Thursday, May 21, 2015

Just Normal People

"They're just normal people."

In her one-room apartment in her retirement community, my Grandma Evelyn started opening the first of many boxes of family history. She had spent much of her earlier years assembling endless family trees and organizing the information about her and her husband's lineage. She organized family reunions on Hood Canal. She discovered and confirmed our family's connection to the Revolutionary War and was active in Daughters of the American Revolution. They travelled to Virginia and even Scotland to visit gravesites and meet distant family members. She transcribed stories from World War II for Grandpa. She did it all without the help of the internet too, which is impressive in and of itself. 

Looking through photo albums of a past reunion she mumbles, "They're just normal people." 

Lots of names and dates.
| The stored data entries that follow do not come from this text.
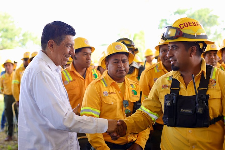 En un evento realizado en el Bosque El Tequio, el Mandatario estatal entregó de manera simbólica reconocimientos a las brigadas oficiales de la Comisión Estatal Forestal (Coesfo), Comisión Nacional Forestal (Conafor), Comisión Nacional de Áreas Protegidas (Conanp) y el Heroico Cuerpo de Bomberos (HCBO); a quienes reconoció su valentía, porque aún arriesgado su vida, apoyan a las comunidades.
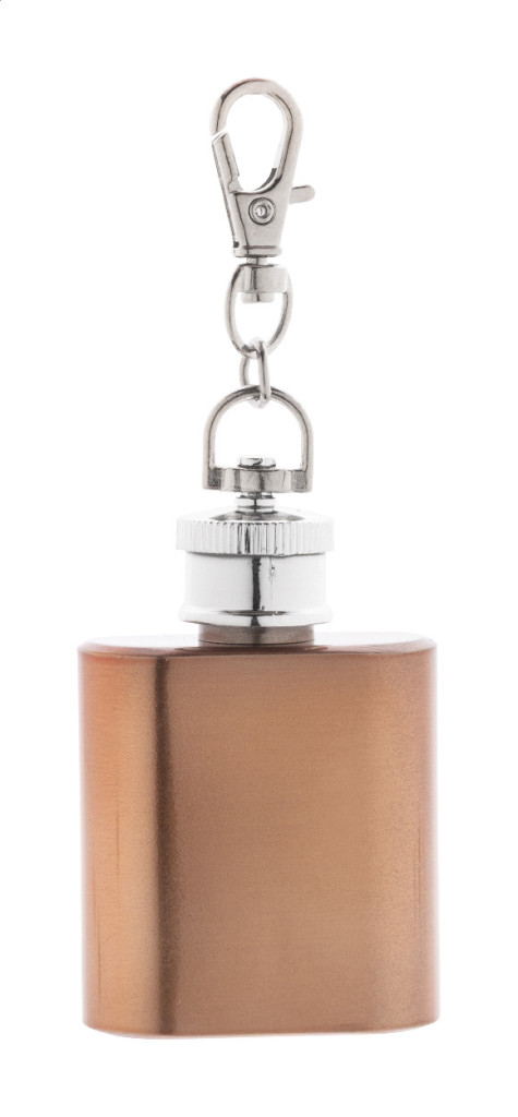 Újrahasznosított rozsdamentes acél mini flaska fényes fémes bevonattal és karabineres kulcstartóval. 30 ml.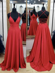 A-line V Neck Backless Formal Evening Dresses Long Prom Dresses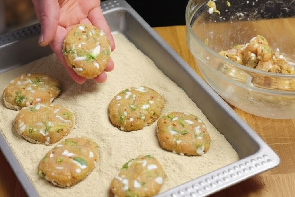 Mokrymi rękoma uformuj niewielkie kotleciki. Potem obtocz je w reszcie bułki tartej.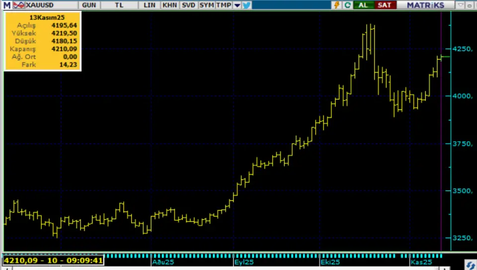 Kısa vadede altın 4.000-4.200 Usd bant aralığında işlem görebilir . Altın fiyatlarında teknik olarak psikolojik destek noktası 4.000 Usd destek noktası olarak takip edilebilir. 4.000 Usd altında aşağı yönlü denge arayışı devam edebilir. Bu sabah 4.205 Usd seviyesindeki ons altında 4.240 ve 4.330 Usd seviyeleri gün içi direnç, 4.160 ve 4,110 Usd seviyeleri gün içi destek seviyeleri olarak izlenebilir. Bugün yatay sınırlı pozitif seyir izleyebilir.
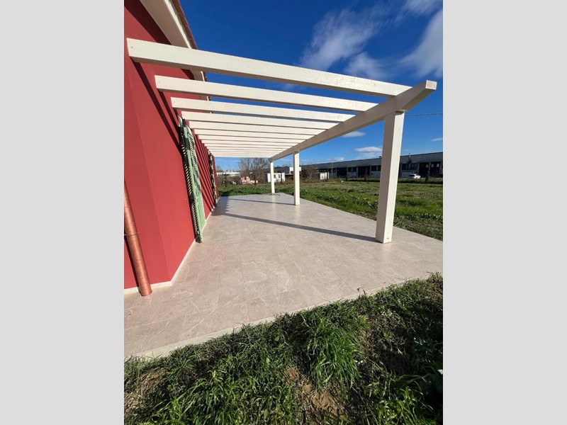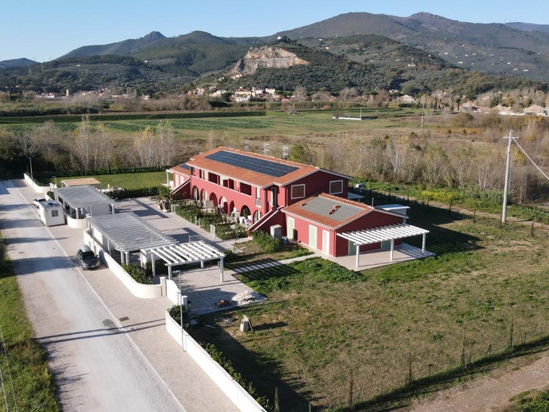 Fornacette - NOSTRA ESCLUSIVA - Nuovo intervento edilizio denominato "Casa Piaggio" posto in zona tranquilla e verde a poca distanza dal centro del paese. Villetta angolare del tipo viareggina, indipendente di 107 mq., 36 mq. di soppalco/mansarda, 37 mq. di loggiato con accesso sia dal soggiorno sia dalla cucina e con 1150 mq. di giardino, posto al piano terra, composto da: ingresso in soggiorno di 23 mq. con accesso sul loggiato, cucina abitabile di 13 mq. con accesso sul loggiato, disimpegno notte, 2 camere, studio, 2 bagni (di cui uno in camera matrimoniale). L'immobile è corredato da un ripostiglio esterno e da una casetta in legno con pergolato ad uso posto auto coperto, da un ulteriore posto auto scoperto e da 1150 mq. di giardino esclusivo adatto per l'installazione della piscina. Rifiniture eccellenti, impianti di ultimissima generazione, non allacciato al gas, fotovoltaico 2,14 Kwh. Consegna 60 giorni dall'accordo. Possibilità di personalizzare pavimenti, rivestimenti e imbiancature. Classe energetica: A4 - Richiesta 435.000 tratt. Rif. 1501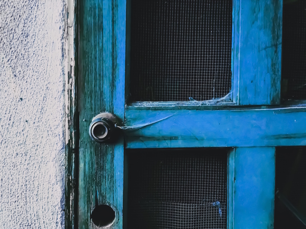closeup old blue vintage wood door texture background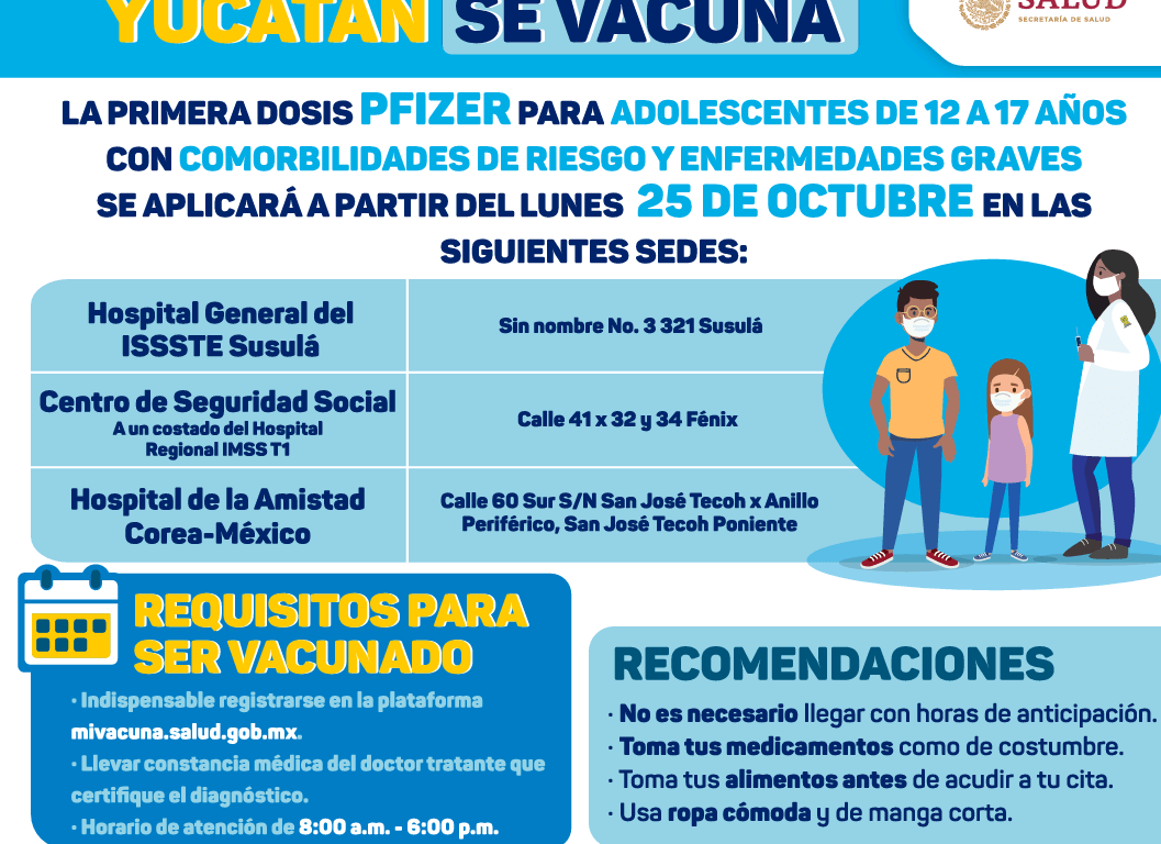 Mérida, Yucatán, 19 de octubre de 2021.- A partir del próximo lunes 25 de octubre iniciará en Mérida la aplicación de la primera dosis de la vacuna contra el Coronavirus para adolescentes de 12 a 17 años de edad con comorbilidades de riesgo y enfermedades graves, proceso que realizarán de manera coordinada el Gobierno del Estado, el Ayuntamiento de Mérida y la Secretaría del Bienestar.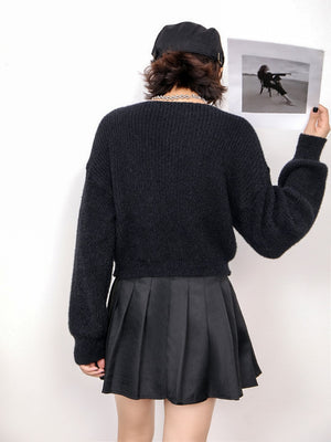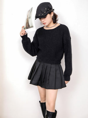 Black Round Neck Long Sleeves Solid Regular Sleeves Nylon Top
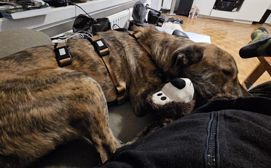 Bei Hundebegegnungen mit fremden Hunden zeigt Tiago noch Stress, doch wenn er einen Hund kennt, spielt er gerne und geht auch Seite an Seite mit ihm spazieren.

Trees and lists of kin. Landowners, laborers, surveyors, pioneers, even slave-owners. Families, large families of seven or more children. John, Robert, Evelyn, James, Sarah, Thomas. Babies and young children who didn't survive their childhood. Women dying in childbirth and husbands widowed. 

If anyone is from an American family, it's me. 

Our roots were originally from Scotland but this continent has been our home for almost three-hundred years. My ancestors presumably fought in the Revolutionary War and probably fought their kin during the Civil War, or known at the time as The War of the States. 

But still, normal people. Nobody stands out as a great war hero or politician or businessman. Normal people living normal lives and doing what's expected to support themselves and their families.

In an age in which people are all special and "destined for greatness," this is the story of a normal family. One branch in a huge oak tree that eventually led to me.